I have two functions:
$f(x) = x^2 + 200$
$g(x) = (x + 8)^2$
I am interested in the relationship between the two functions in the region between the two minimums (from x = -8 to x = 0), which looks as follows:
How can I algebraically derive the equation of this relationship? I tried substitution but the results were not as expected (possibly due to real/imaginary numbers?).
If I understand your picture correctly, you want to know, given the value of the blue curve at some $x$-value between -8 and 0, the value of the corresponding red curve. So the input to your function will be a number $s$ between $200$ and perhaps $300$, and the output will be between about $0$ and $60$.

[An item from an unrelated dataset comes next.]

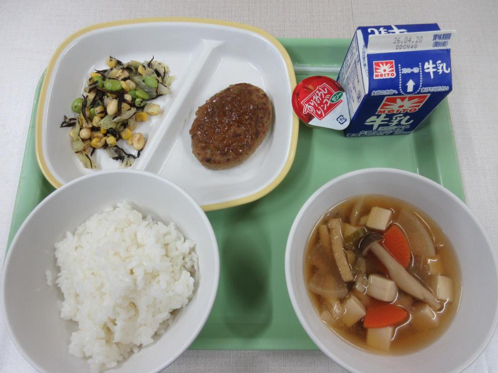 ご飯 具沢山汁 豆ひじきサラダ ハンバーグ玉ねぎソース 牛乳 ミニりんごゼリー

Here goes. Suppose we call the blue value $t$. Then the $x$-coordinate that produced that $t$ value is the one with $$ x^2 + 200 = t \\ x^2 = t - 200 \\ x = \pm\sqrt{t - 200} $$ At this point, you have to notice that in your graphs, $x$ is negative, while the usual definition of square-root is defiend to be the positive one. So you have to write $$ x = -\sqrt{t - 200} $$
Now the point on the red curve corresponding to that $x$ value is $$ (x+8)^2 = (-\sqrt{t-200} + 8)^2 $$ So your function is $$ f(t) = (-\sqrt{t-200} + 8)^2. $$ You can expand that out algebraically, but it doesn't get a lot nicer: $$ f(t) = (t-200) - 16 \sqrt{t-200} + 64 \\ = t - 16 \sqrt{t-200} - 136. $$